Task input:
|---|
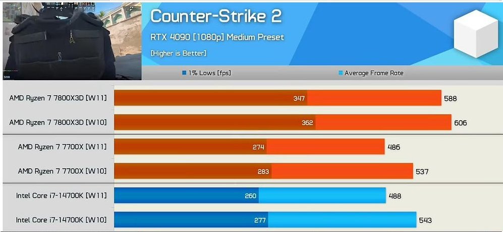 CS2 featured prominently in these performance comparisons, with the data indicating marginally better results on Windows 10 platforms. While the testing utilized varying processor models, the graphics hardware remained consistent throughout all evaluations: NVIDIA’s flagship RTX 4090 GPU running at Medium quality settings and 1080p resolution. The performance differential typically ranged between 3-8% depending on specific in-game scenarios and map locations.
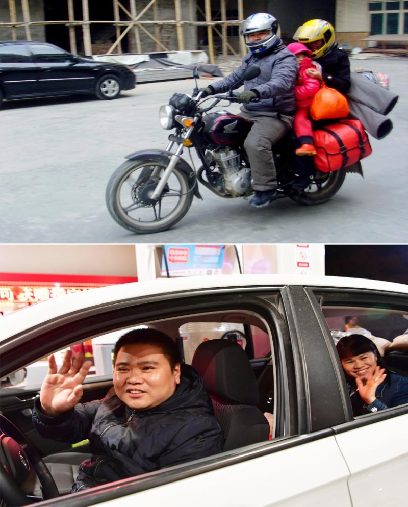 拼版照片:上圖為2013年2月2日,在福建務(wù)工的董日旭帶著家人騎摩托車返回江西老家過年(新華社發(fā));下圖為2020年1月15日,董日旭開著他新買的汽車,準(zhǔn)備和家人開車返鄉(xiāng)過年(新華社記者魏培全攝)。
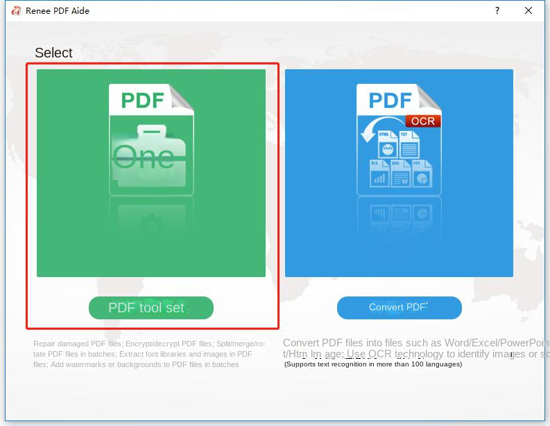 ① Download, install and open Renee PDF Aide, click (PDF toolset).
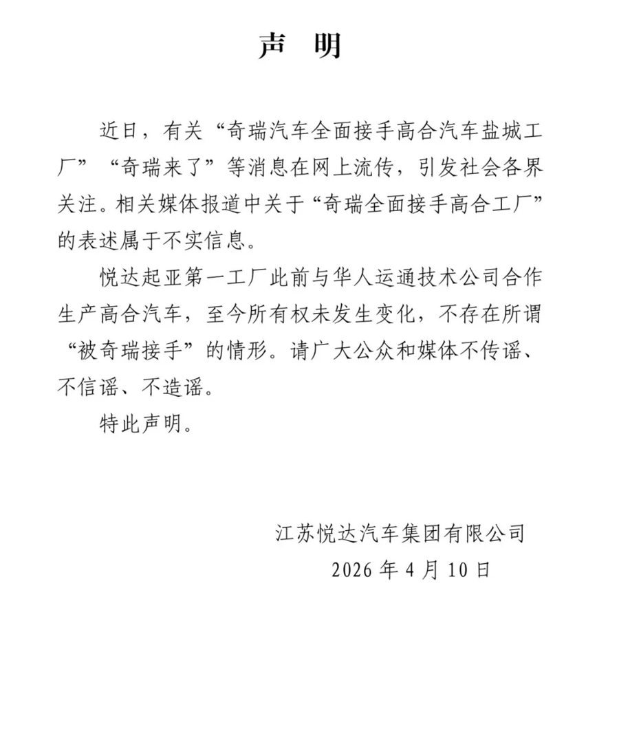 4月10日,江苏悦达汽车集团有限公司发布声明称,近日,相干“奇瑞汽车全面接办高合汽车盐城工场”“奇瑞来了”等音讯在网圣洁传,激勉社会各界讲理。“相干媒体报说念中对于‘奇瑞全面接办高合工场’的表述属于伪善信息。”同期,该声昭示意,悦达起亚第一工场此前与华东说念主运通工夫公司互助坐褥高合汽车,于今通盘权未发生变化,不存在所谓“被奇瑞接办”的情形。
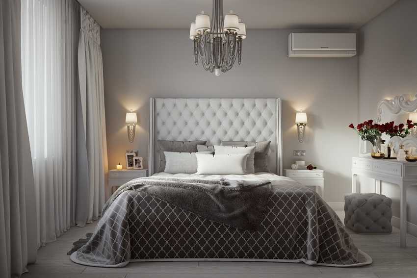 Серые тона в интерьере могут использоваться в различных вариациях, исходя из того, какого эффекта требуется добиться для спальни.
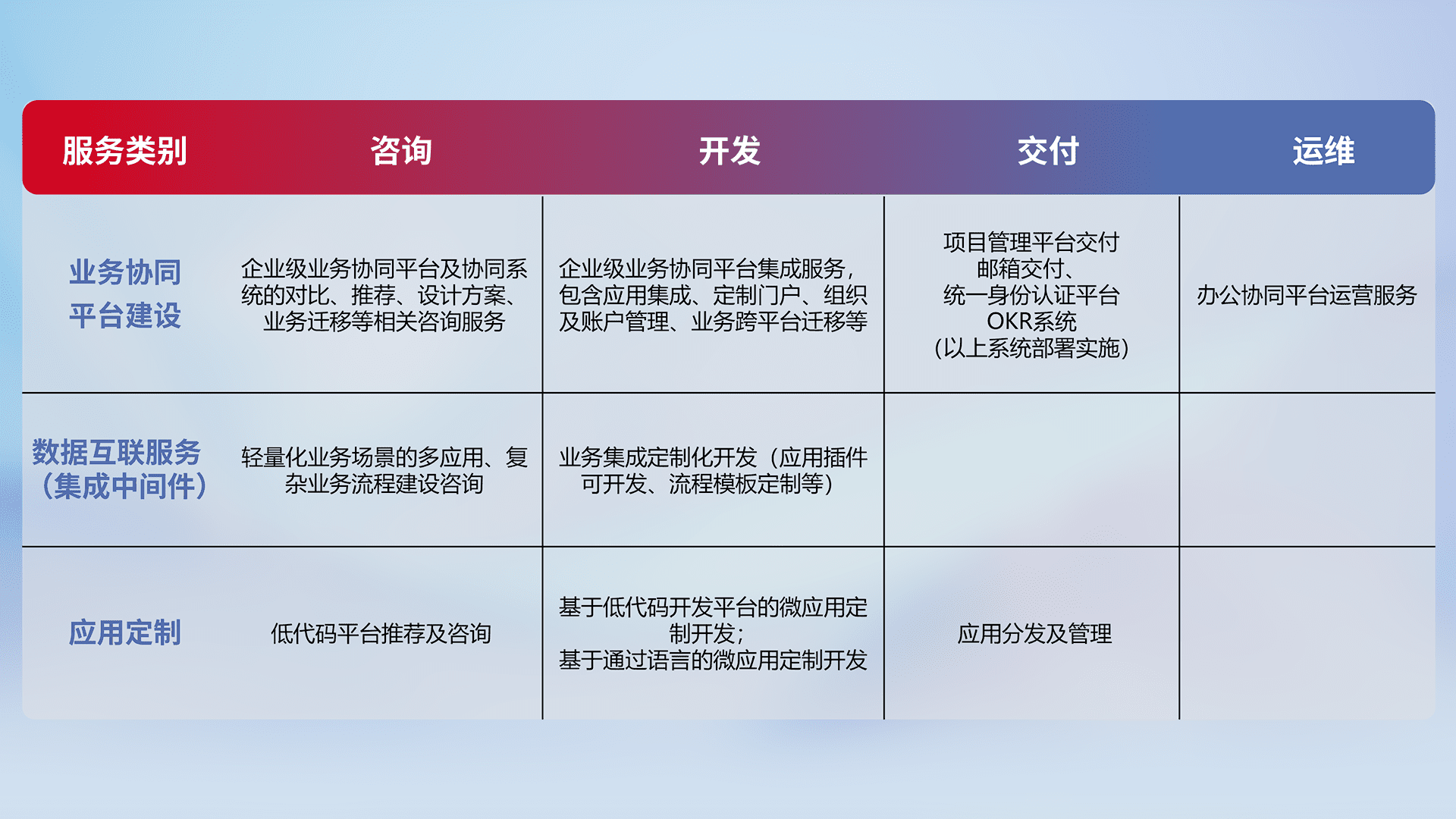 针对钉钉、、、企微、、、IDaas等平台级产品提供产品的规划、、、方案、、、交付、、定制化开发等服务,,,,实现如统一协同办公、、、、智能客户服务、、、、混合会议管理、、智能数据查询、、等业务场景,,,,实现数字化转型。。。
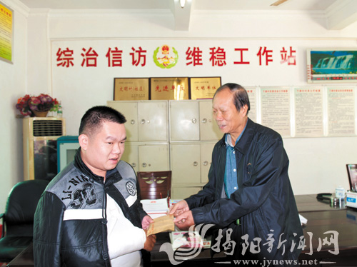 12月5日上午,市见义勇为基金会副理事长、秘书长孙潮列带领慰问组一行,在揭西政法委和河婆街道办事处负责人的陪同下,专程来到河婆街道下滩村,慰问见义勇为积极分子张庆辉(见图李维照 摄),赞扬他不畏危险,敢于同违法行为作斗争的行为,并送上慰问金。
|---|
Problem description:
Your copy should begin at the line containing "针对钉钉、、、企微、、、ID" and end at the last line of the data above, matching each line exactly and holding no pictures.

Output of the exercise:
 针对钉钉、、、企微、、、IDaas等平台级产品提供产品的规划、、、方案、、、交付、、定制化开发等服务,,,,实现如统一协同办公、、、、智能客户服务、、、、混合会议管理、、智能数据查询、、等业务场景,,,,实现数字化转型。。。
 12月5日上午,市见义勇为基金会副理事长、秘书长孙潮列带领慰问组一行,在揭西政法委和河婆街道办事处负责人的陪同下,专程来到河婆街道下滩村,慰问见义勇为积极分子张庆辉(见图李维照 摄),赞扬他不畏危险,敢于同违法行为作斗争的行为,并送上慰问金。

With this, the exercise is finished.